*** Extracted data ***

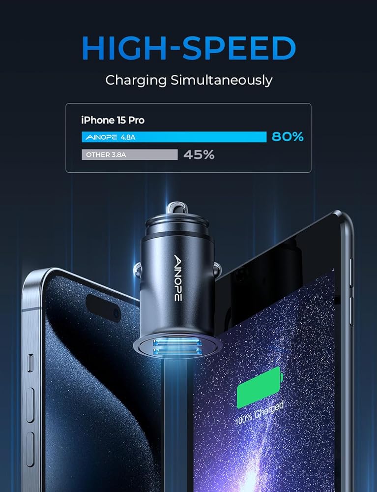 4.8A/24W EFFICIENT CHARGE: AINOPE car charger can reach maximum output of 2.4A/12W per port, which the charging speed is 2X faster than 1A/5W. With 4.8A total power, this dual USB cigarette lighter adapter enables you to charge two devices simultaneously at full speed with 2.4A per USB port. Please note: it does not support Qualcomm Quick Charge. The charging page WILL NOT show fast charge when charging.
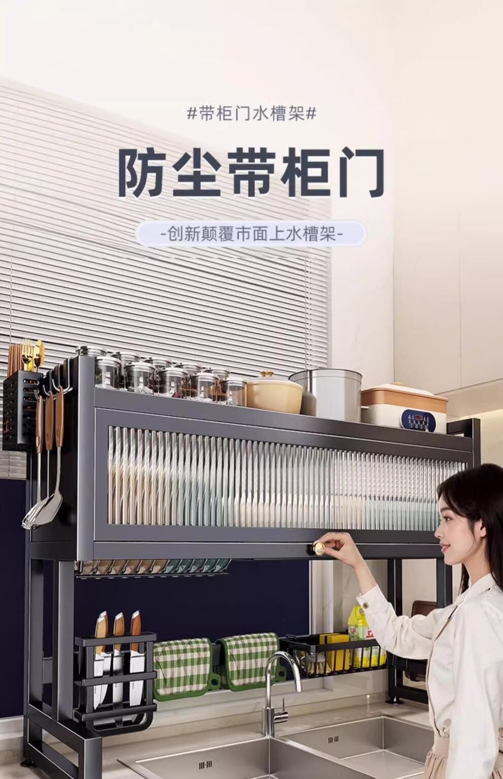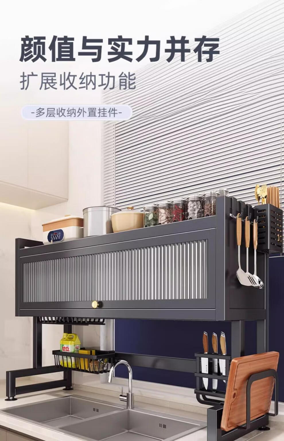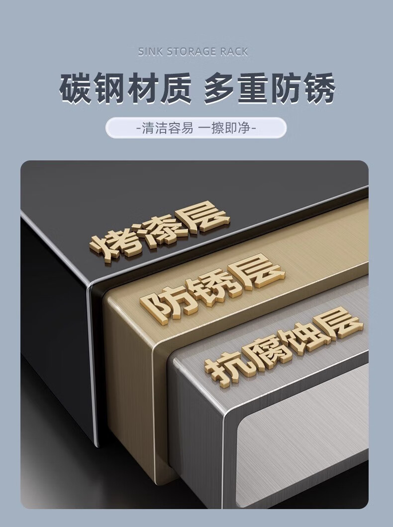 Jingyouyu German kitchen sink rack wash basin dustproof bowl counter top storage tableware multifunctional storage rack black - main rack length 65cm + 6 hooks
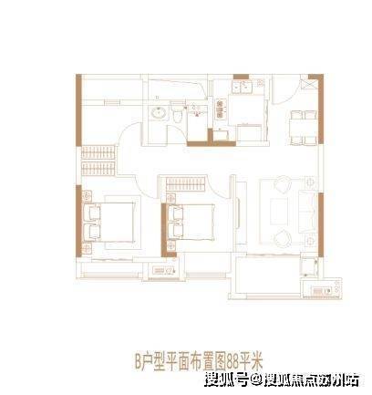 建面约88㎡3房2厅1卫:
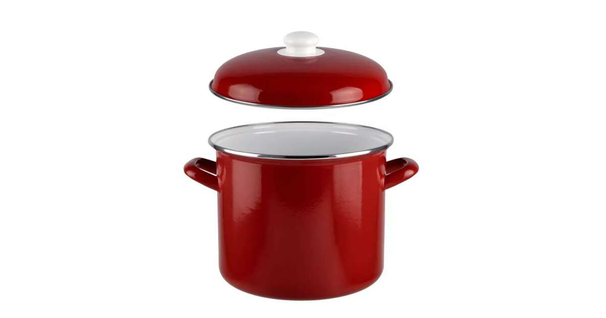 Ez a 24 cm átmérőjű, 8,6 literes, piros zománcozott fazék a Perfect Home-tól minden konyha nélkülözhetetlen kelléke. Strapabíró zománcbevonata könnyen tisztítható és karcálló. Ideális nagy adagok főzéséhez, levesek, pörköltek, vagy akár befőttek készítéséhez.
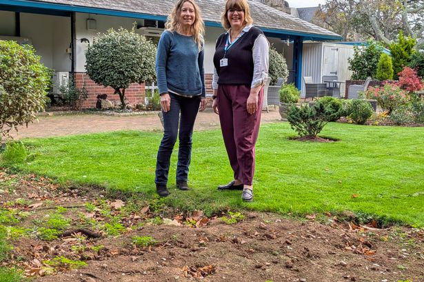 Topsham firm HCT Turf has donated turf to revive Hospiscare’s Searle House gardens, chosen as the winner of its ‘Turf it Forward’ community campaign Steff Dennis from HCT with Sharon Ewart from Hospiscare
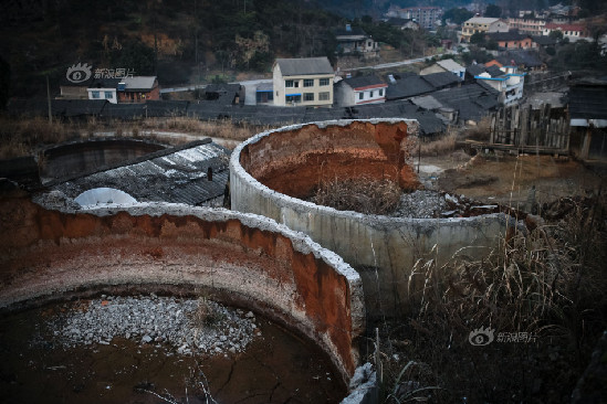 2011年,矿厂因污染严重关停后,不管是矿边的村民还是矿上的职工都面临无力就医的窘境,在矿厂破产改制后才被诊断出砷中毒的部分职工被告知不纳入工伤;而多数罹患癌症的村民在贫穷中默默死去。图为2014年2月13日,湖南石门鹤山村,磺厂矿山上废弃的设施。
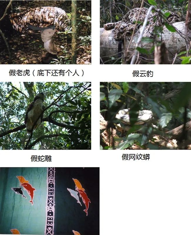 用來測試長臂猿的假動物,最後這塊花布是對照組。圖片來源:參考文獻[2]
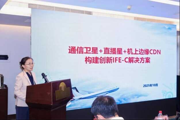南斗星联(北京)航空技术有限公司副总裁赵晋卿重点介绍了基于高低轨通信卫星与空中CDN的创新空中IFC解决方案。他提出,直播星大波束覆盖全国,同时为每架飞机提供高达100-400Mbps 匀速带宽的实时内容推送,大幅降低流量成本。此外,广电卫星空中CDN不仅构建了多元化的商业盈利模式,还与内容方开展了合作试点,进一步测试验证创新方案。
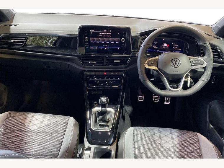 10.25" Digital cockpit pro, Advanced driver attention and drowsiness monitor, Emergency call service, Lane keeping system Lane Assist, Mobile phone interface, Modified key software - reduce switch off time for key status change to Long no motion, Online services, Park assist including front and rear parking sensors, Power assisted speed sensitive steering, Service interval indicator, Tailgate/trunk lid release from outside, Think blue trainer driver tips and journey analysis, Warning sound and light for front seatbelts unfastened, Wireless app connect, Battery regeneration during braking, Rear shock absorption chassis with increased ride height, Start/stop function with battery regeneration, DAB Digital radio, Diversity antenna for FM reception, Front and rear 6 speakers, Music playback - MP3, WMA and AAC files, Premium USB cable in choice of either Apple or Android smartphone compatibility, SD card slot, Simultaneous pairing of 2 compatible mobile devices, Title and cover art display, We Connect and We Connect Plus functionality, Auto dimming interior rear view mirror, Automatic hazard lights activation under emergency braking, Automatic headlight control with LED separate daytime running lights with coming/leaving home function, Dynamic cornering light, Electrically adjustable and heated door mirrors, Extended roof spoiler, Exterior mirrors aspherical on driver side, convex on front passenger side, External USB type C socket and charging sockets, Front windscreen wiper with intermittent wipe and 4 position delay, Heated rear window, Illuminated front grille, IQ LED matrix headlights, LED 3rd brake light, LED rear number plate lights, LED rear tail lights with dynamic turn signal, Light mode for poor weather, rain, fog or snow, Power windows with comfort operation and circuit breaker, R-Line design body coloured bumpers, Rain sensor, Rear exhaust tailpipe, Rear fog light on one side and reversing lights on both sides, Rear side wing doors, Rear wash/wipe with intermittent wipe setting, Remote electrically foldable door mirrors, puddle lights and reverse activated passenger's door mirror, 12V power socket in centre console, 3 rear head restraints, 3 seat bench in 2nd row, 4 load lashing points in luggage compartment, Air care climatronic air conditoning system with active combination filter and 2-zone temperature control, Artvelours cloth upholstery, Black roof lining, Chrome plated radiator grille inserts, air vent surrounds and light switch surrounds, Door and side trim panel with leatherette insert, Drawer under drivers seat, Driver seat height adjust, Driver's seat lumbar support, Front + rear carpet mats, Front centre armrest, Front comfort sports seats, Front cupholders x 2, Front footwell illumination, Front reading light, Front scuff plates with R Line logo, Front seat back storage pockets, Glove compartment door with light, Instrument lighting, white adjustable panel illumination, Interior ambient lighting and surround lighting, Interior light delay, Isofix child seat preparation, Leather gearshift handle, Load-through provision with cup holder when folded down ('Unsplit rear seat bench, split folding backrest, with centre armrest), Luggage compartment lighting, Non-folding front passenger seat backrest, Passenger seat height adjuster, Passenger seat lumbar support, Single front passenger seat, Stainless steel pedals, Storage compartment in left and right luggage area, Storage compartment in rear doors, Storage compartments in driver and front passenger doors, Sunvisors with illuminated vanity mirrors, Variable boot floor, height adjustable and removable, Winter pack without heated windscreen washer jets - T-Roc, 3 point height adj front seatbelts + pretensioners, 3 point seatbelts in outer rear with ECE label, ABS, Child locks on rear doors, City emergency braking and pedestrian monitoring, Driver and front passenger airbag with front passenger airbag deactivation, Driver and front passenger safety-optimised head restraints, Drivers seatbelt reminder, Electronic parking brake, Electronic Stability Control (ESC) inc EDL (Electronic Differential Lock) and ASR (Traction Control), Front and rear passengers curtain airbag system including front side airbags, Front disc brakes, Hill start assist, Predictive pedestrian protection, Rear disc brakes, Two tone horn, Tyre pressure loss indicator, Volkswagen roadside assistance, Tool kit, Trims for alloy wheels, Tyre mobility kit including compressor and sealing foam,
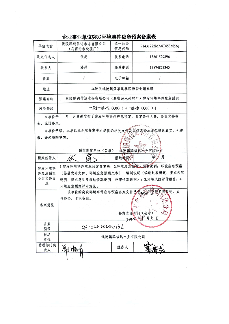 沅陵鹏鹞信达水务有限公司(乌宿污水处理厂) 企业事业单位突发环境事件应急预案备案表
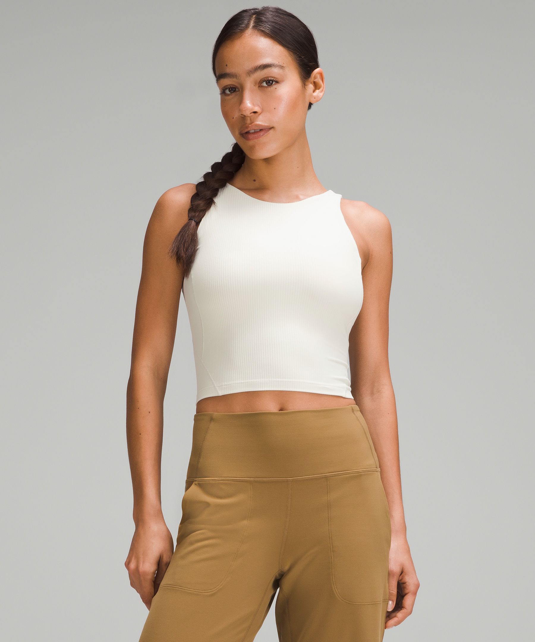 Women s White Seamless Tank Top High Neck Rib Crop Ally Fashion Very well made.
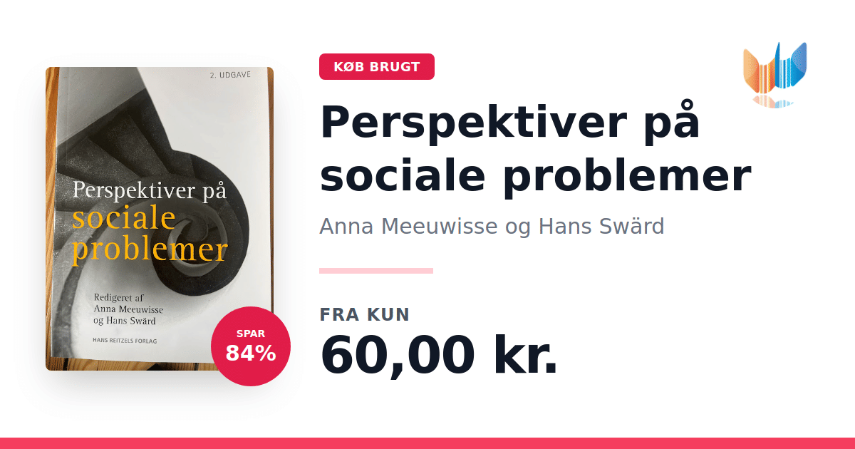 Lige nu kan du købe "Perspektiver på sociale problemer" af Anna Meeuwisse og Hans Swärd til kun 60,00 kr. Du sparer hele 84% af nyprisen! Bogen du ser her er brugt, og i perfekt stand. Vi har i øjeblikket 3 eksemplarer til salg af "Perspektiver på sociale problemer", så husk at se de forskellige udgaver.
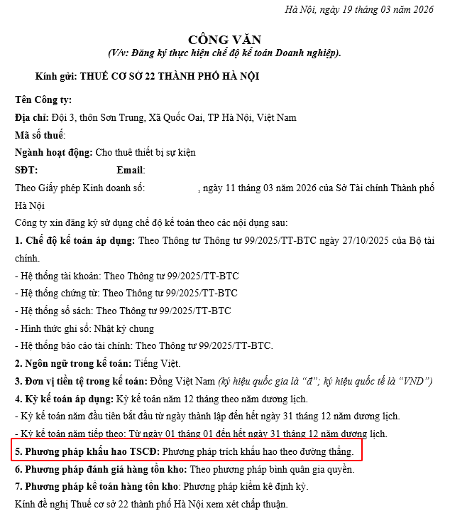 Công ty em mới thành lập, bên em có gửi lên thuế Công văn Đăng ký thực hiện chế độ kế toán Doanh nghiệp (như hình kèm theo). Trong CV có nói đến phương pháp trích khấu hao. Vậy bên em có phải làm riêng Thông báo phương pháp khấu hao tài sản cố định tới CQ thuế trước khi sử dụng TSCĐ ko ạ?
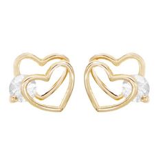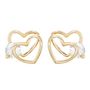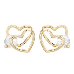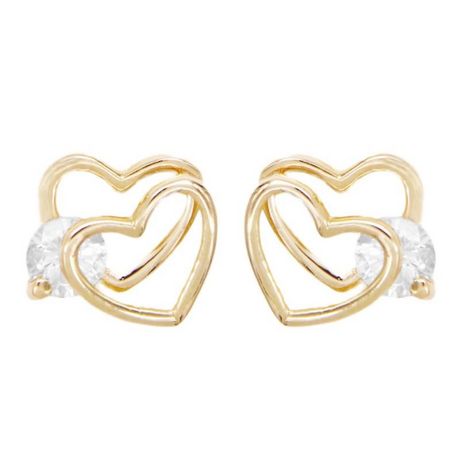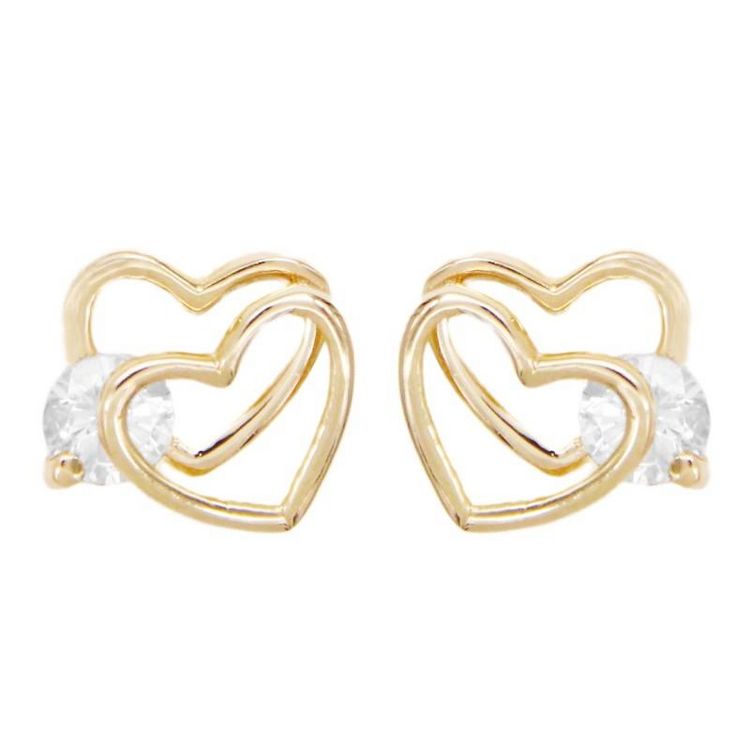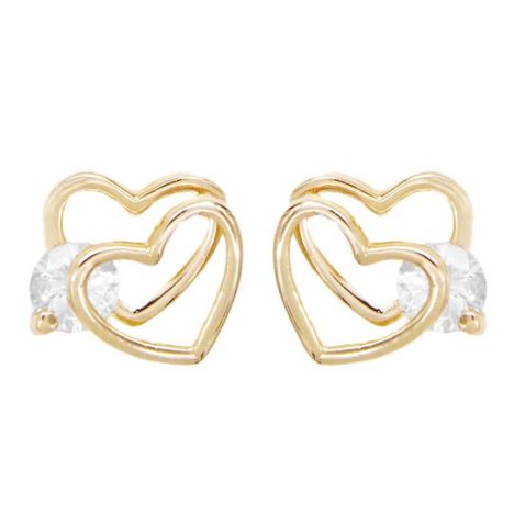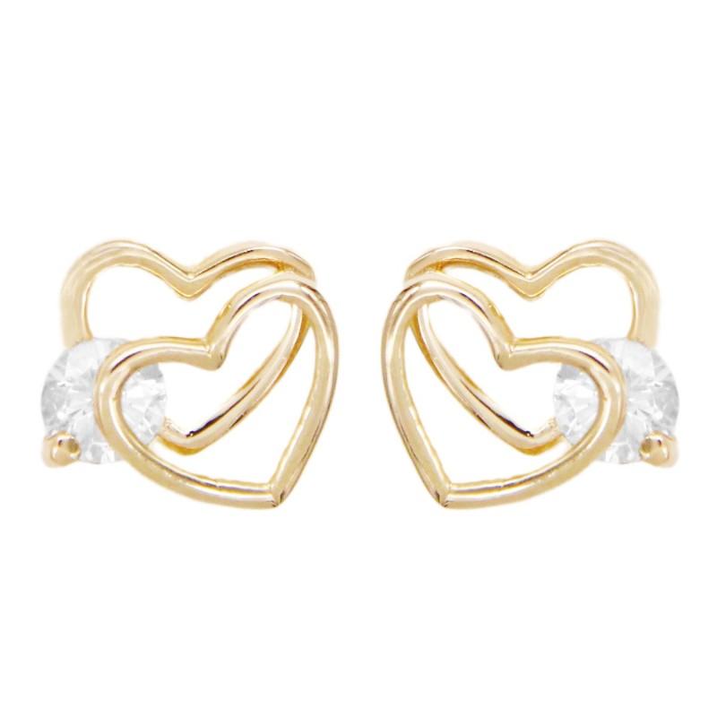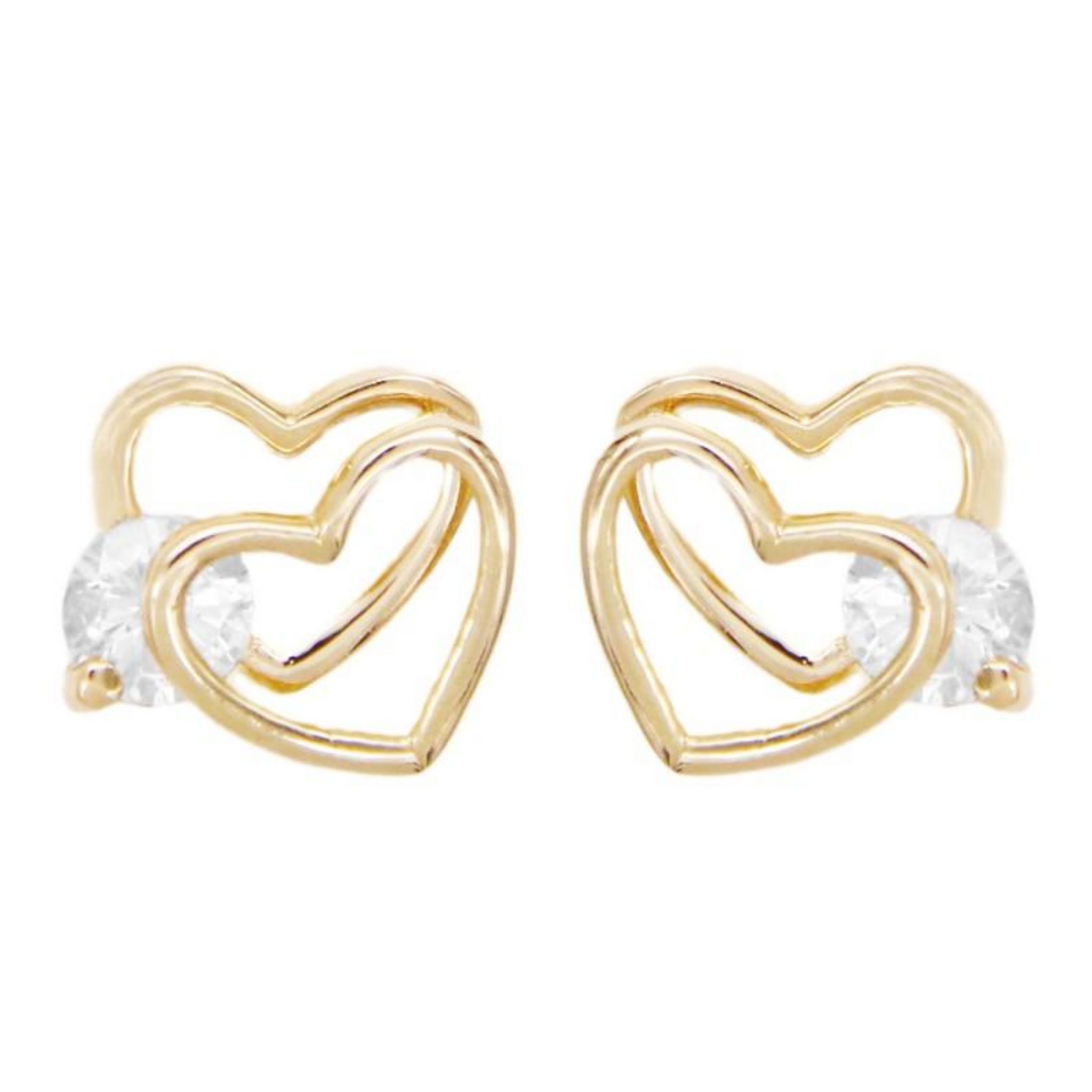 ⭐, Boucles d'Oreilles Puces Or Jaune Coeurs Doubles Sertis de Zirconiums - Femme
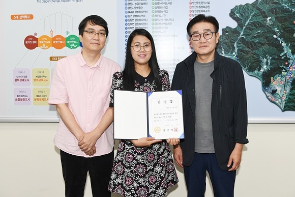 경남 양산시는 1일 시장 집무실에서 양산시 첫 다문화가족 공무원의 임명장 수여식을 가졌다.
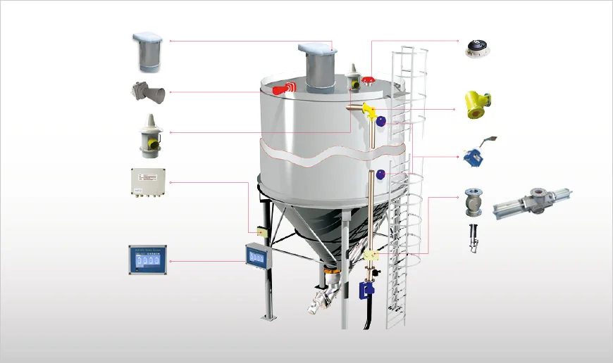 Dust collector ,Pressure Relief Valve ,Aeration System , Level Indicator ,Butterfly valve & Actulator, Vibrator ,Screw conveyor.
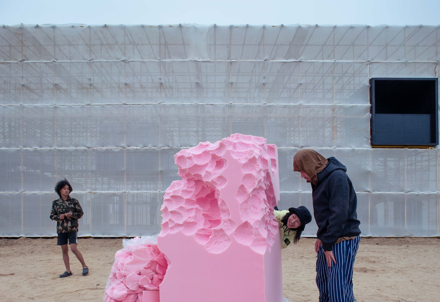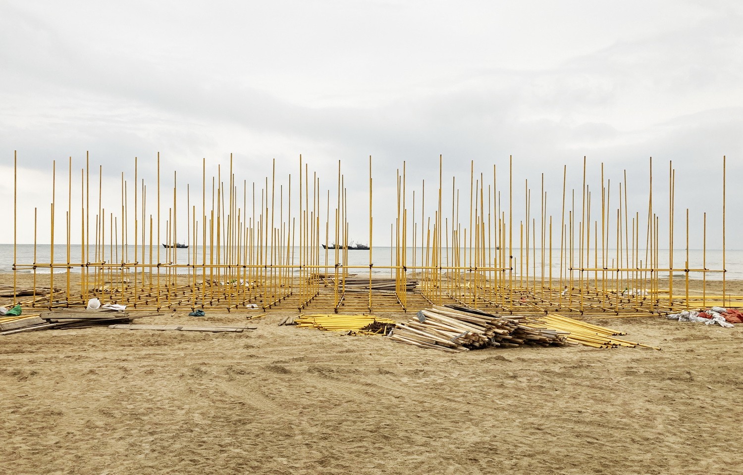 沙滩作为二者中间的缓冲地带,是人们亲近自然的绝佳位置,同时也是一道安全防御的边界和屏障。这种既连接又对峙的状态,也反应了人类与自然之间的复杂关系和情感,渴望亲近又要竖起坚固的保护壁垒。而这次沙滩上临时性的建筑,或许有机会可以触发别样的体会。

*** End of Extracted data ***

**Task goal:** All lines from the start of the entries through the one with "南斗星联(北京)航空技术有限" are to be output exactly; omit the pictures.

**Answer to the problem:**
 4.8A/24W EFFICIENT CHARGE: AINOPE car charger can reach maximum output of 2.4A/12W per port, which the charging speed is 2X faster than 1A/5W. With 4.8A total power, this dual USB cigarette lighter adapter enables you to charge two devices simultaneously at full speed with 2.4A per USB port. Please note: it does not support Qualcomm Quick Charge. The charging page WILL NOT show fast charge when charging.
 Jingyouyu German kitchen sink rack wash basin dustproof bowl counter top storage tableware multifunctional storage rack black - main rack length 65cm + 6 hooks
 建面约88㎡3房2厅1卫:
 Ez a 24 cm átmérőjű, 8,6 literes, piros zománcozott fazék a Perfect Home-tól minden konyha nélkülözhetetlen kelléke. Strapabíró zománcbevonata könnyen tisztítható és karcálló. Ideális nagy adagok főzéséhez, levesek, pörköltek, vagy akár befőttek készítéséhez.
 Topsham firm HCT Turf has donated turf to revive Hospiscare’s Searle House gardens, chosen as the winner of its ‘Turf it Forward’ community campaign Steff Dennis from HCT with Sharon Ewart from Hospiscare
 2011年,矿厂因污染严重关停后,不管是矿边的村民还是矿上的职工都面临无力就医的窘境,在矿厂破产改制后才被诊断出砷中毒的部分职工被告知不纳入工伤;而多数罹患癌症的村民在贫穷中默默死去。图为2014年2月13日,湖南石门鹤山村,磺厂矿山上废弃的设施。
 用來測試長臂猿的假動物,最後這塊花布是對照組。圖片來源:參考文獻[2]
南斗星联(北京)航空技术有限公司副总裁赵晋卿重点介绍了基于高低轨通信卫星与空中CDN的创新空中IFC解决方案。他提出,直播星大波束覆盖全国,同时为每架飞机提供高达100-400Mbps 匀速带宽的实时内容推送,大幅降低流量成本。此外,广电卫星空中CDN不仅构建了多元化的商业盈利模式,还与内容方开展了合作试点,进一步测试验证创新方案。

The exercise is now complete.